Hurting wishes

I should not be wishing for you to be mine. I know. But when I am with you I don’t feel alone, being with you cures me and I feel happy. Can I not be selfish?

I have always been drawn towards you, from the day I first saw you. That innocence, that smile, had me captivated. I was wishing, if only I could make you mine right then and there. From then on, I have maintained my distance because I feared this wish would become what it has become, a crush. I can feel me holding you though I never have. I can feel your lips on mine, wish it would become the reality. I blame you. You shouldn’t have taken those steps towards me.

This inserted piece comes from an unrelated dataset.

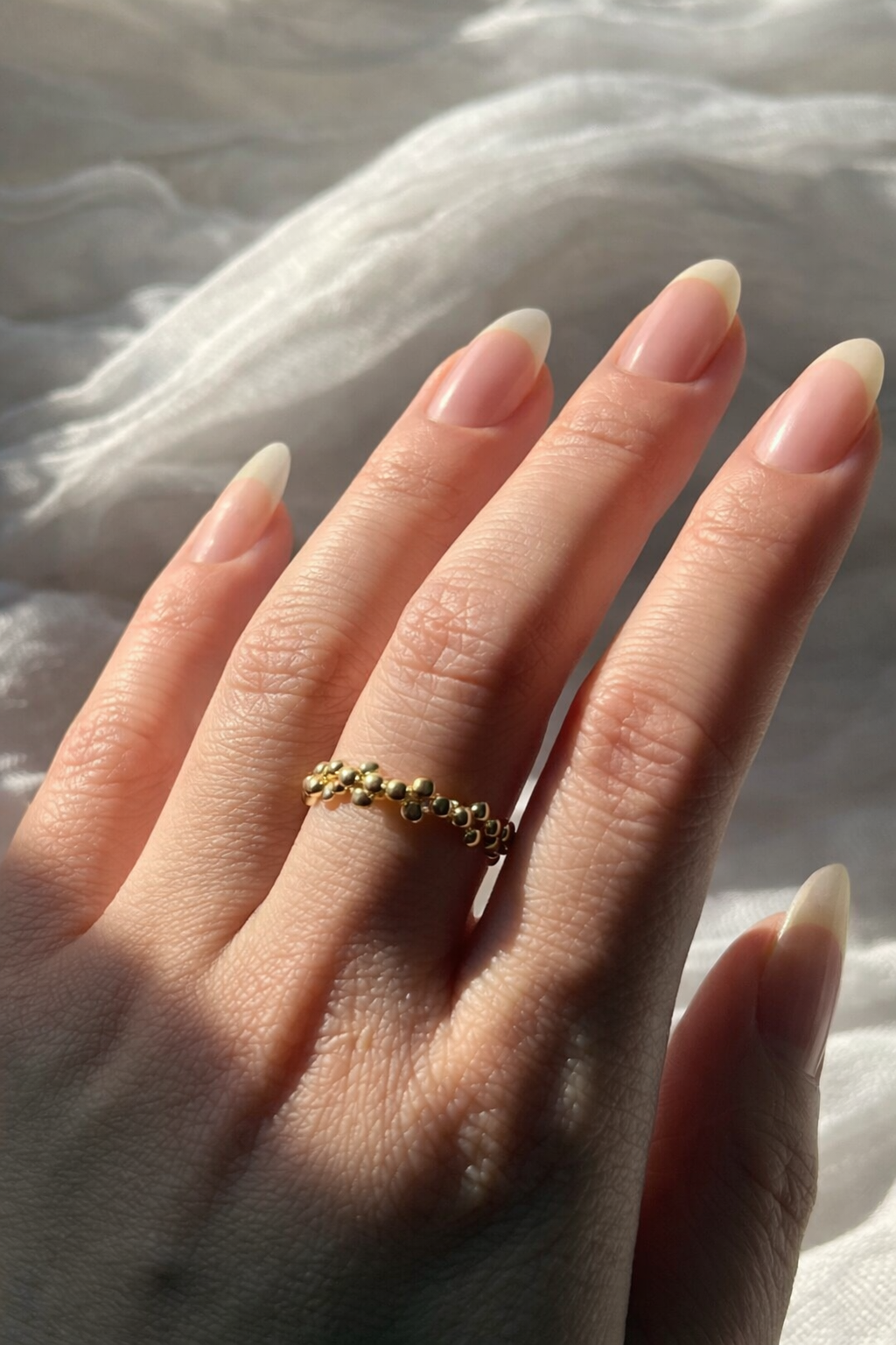 Our Golden Cluster Ring is a delicate handmade band crafted with shimmering 11/0 ToHo golden beads, carefully strung on durable fishing line to create a light, sun-like glow.
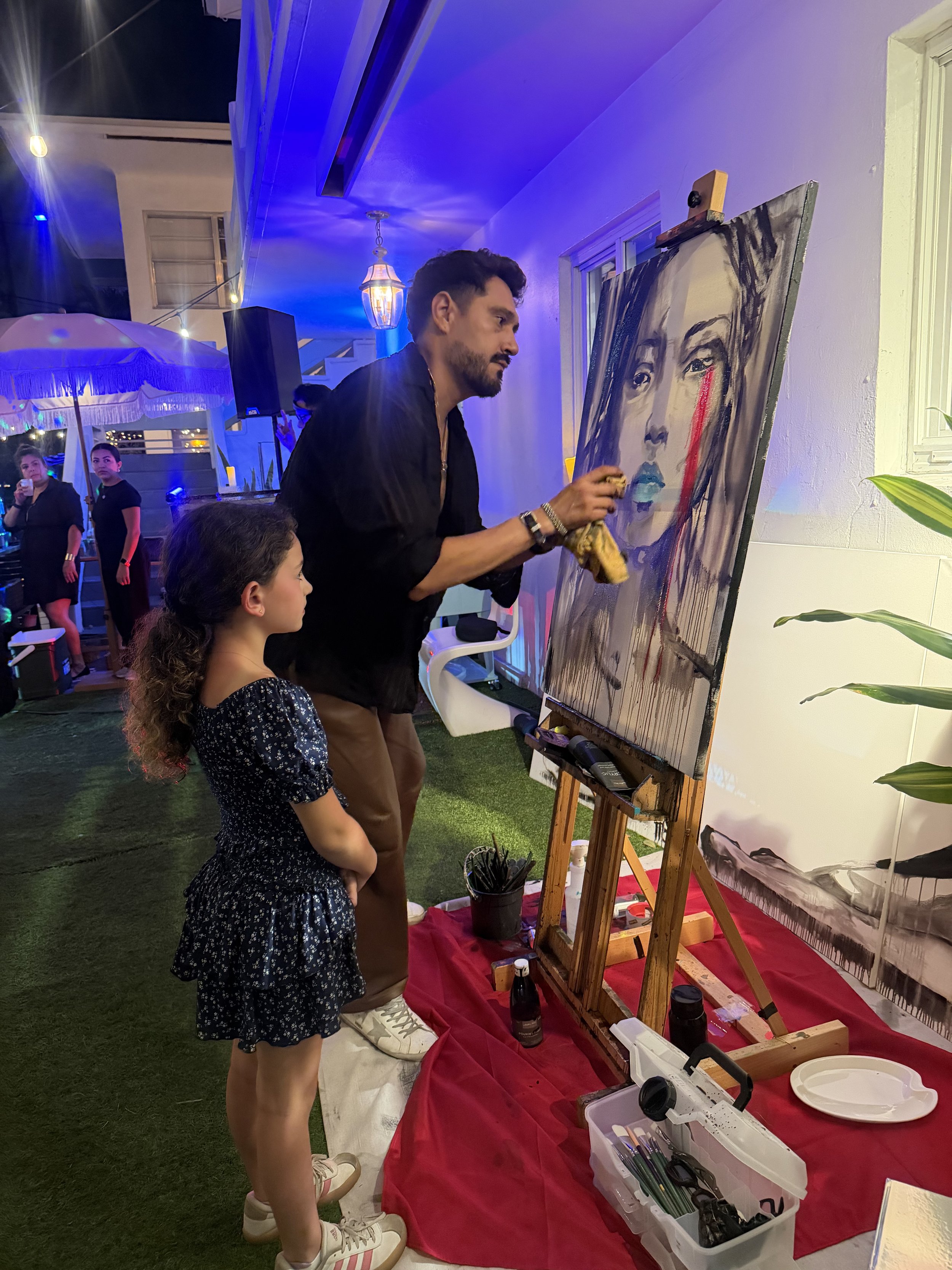 The event brought together artists, collectors, and members of the South Florida community for a night of connection, conversation, and creative expression. With drinks, music, and bold visual storytelling throughout the gallery, the evening blurred the line between exhibition and performance.

I always knew that you and I are worlds apart in every way. I want to tell you what my world is like but you are a private person and so am I. I don’t want to throw myself at you when I can clearly see you holding yourself back. I wonder what your expectations were out of me. I wonder what you thought of me then and what has changed now. I never said no to you. I still can’t. But I can feel the distance increasing between us these days, it’s like you are taking your steps back and I am walking towards you. Should I stop? I should. I need to. But I don’t want to. Why do I feel like this is what you want? I see that but when I see your smile, I don’t want to let you have what I think you want. I wonder if it is you or the puppeteers. But that does not matter, you are an adult and your actions are your decisions.

But my wishes still remain, to hold you, to care for you, to feed you, to make you feel my love. Sad fact is, that is not possible. I thought I saw something in your eyes, I thought you felt something for me. May be you did, but you are loosing it for reasons I do not know. I think I was wrong, mistook things for what they weren’t. I think everything was drawn up in my head, I think everything was a wishful thinking. And now I am hurting.

The important facts are I will get over this hurt, I have accepted that we will never be a reality, I have accepted that we hail from two different worlds and we are not meant to be. I wish you the world, may you find all the happiness, peace and your heart’s greatest desires. Cheers!

A hard thing to do

One of the hardest thing to do is undoubtedly to let go of people and others things in life which meant alot for you at one point or the other. Its like trying to cut off a part of you but then you do it not because you want to, you just do it because its a part of moving of on, growing up. And its always better with less baggage.